Questo accade anche oggi. Anche per noi sta accadendo qualcosa di analogo.

Certo, i templi non vengono distrutti, almeno qui, in Italia, in occidente, ma sono vuoti, si svuotano, sempre di più. Siamo in netta minoranza, anche nel nostro paese. Eppure …

Alla desolazione, che è il frutto della nostra infedeltà, Dio risponde rilanciando.

Il Vangelo racconta il culmine di quest’opera di grazia: «Dio infatti ha tanto amato il mondo da dare il Figlio unigenito».

Ecco che cosa ha fatto Dio alla ‘fine’, al culmine della storia: ha dato il Figlio, per noi, per grazia. Lo ha consegnato nelle nostre mani. Ci ha donato se stesso.
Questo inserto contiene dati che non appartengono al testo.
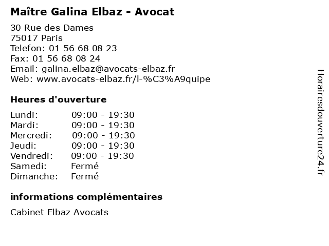 1 Maître Magda Elbaz - Avocat (Distance: 0,00 km) 30 Rue des Dames, 75017 Paris avocat, avocats, cabinet, conseils, contentieux, elbaz, juridique, justice, litiges, magda, maître, services 2 Dr Moïse Elbaz - Chirurgien-dentiste (Distance: 0,88 km) 32 Boulevard de Courcelles, 75017 Paris chirurgien, consultation, dentiste, docteur, dr, elbaz, med, moïse, médecin, traitement 3 Dr Georges Elbaz - Chirurgien-dentiste (Distance: 0,98 km) 6 Rue de Laborde, 75008 Paris chirurgien, chirurgien-dentiste, dentiste, dr, elbaz, georges, médecins, médicaments, santé, secrétariat, spécialiste 4 Maître Galina Petrova - Avocate (Distance: 1,70 km) 5 boulevard de la Madeleine, 75001 Paris avocat, avocate, droit, galina, maître, négociation, petrova 5 Maître Rachel Elbaz-Drai - Avocate (Distance: 1,96 km) 7 Avenue Gourgaud, 75017 Paris avocate, avocats, cabinet, conseils, contentieux, drai, elbaz, juridique, justice, litiges, maître, rachel, services 6 Elbaz Francis (Distance: 2,39 km) 85 Rue des Rosiers, 93400 Saint-Ouen architecture, art forain, bijoux, céramiques, elbaz, francis, mobilier, peintures & arts graphiques |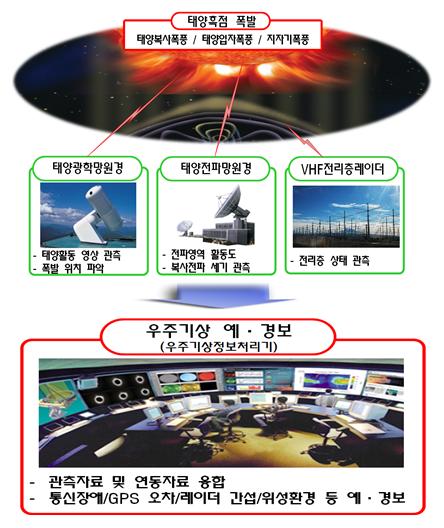 우주기상 예ㆍ경보체계는 태양광학망원경을 통해 태양활동을 영상 관측하고, 태양전파망원경을 통해 태양 전파를 측정하며, 전리층레이더를 통해 지구의 전리층 상태를 관찰한다.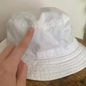 In used condition, see a small stain on on the side of the hat, probably can be bleached if necessary. Fits like a Medium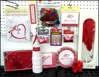Ruby red 40th anniversary pattern with plates, cups, napkins, invites,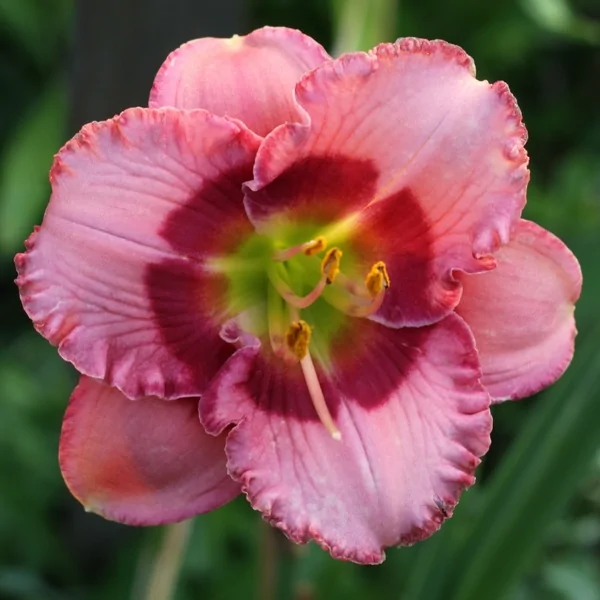 • Окраска цветка : розовый с красным глазком и зелёным горлом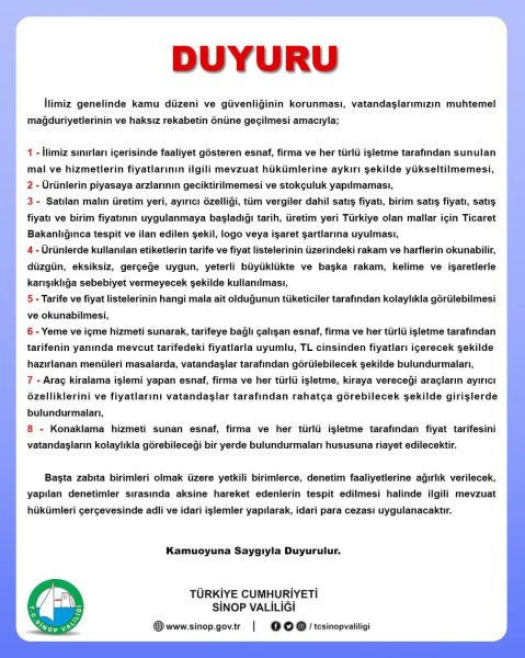 Sinop’ta fırsatçılığa karşı denetimlere ağırlık verilecek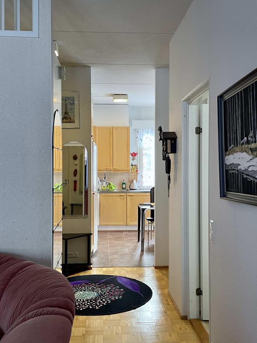| Yleiskunto | Asunnossa on normaalista asumisesta johtuvaa kulumaa. Merkittäviä remontteja ei ole tehty. Makuuhuoneiden lattiapinnat on uusittu yläkerrassa sattuneen vesivahingon vuoksi. |

Perché, dice Giovanni, Dio «non ha mandato il Figlio nel mondo per condannare il mondo, ma perché il mondo sia salvato per mezzo di lui». Ecco il Vangelo: non per condannare, viene Dio, ma per salvare.

Gesù stesso, poco prima, dice che: «come Mosè innalzò il serpente nel deserto», quando l’accampamento di Israele era stato assalito da serpenti velenosi che portavano morte e il Signore Dio aveva salvato tutti coloro che si erano fidati della sua parola, «così bisogna che sia innalzato il Figlio dell’uomo».

Gesù è stato innalzato sulla croce, segno di odio e di condanna, ma proprio lì, in quell’abisso, si manifesta tutta l’altezza della grazia di Dio: «perché chiunque crede in lui abbia la vita eterna».

Anche oggi, chi non crede perde la grazia; si sottrae alla luce, perché preferisce le tenebre dove si illude di poter continuare a fare il male.

Ma chi crede, viene nella luce, accoglie la grazia e vive nella luce!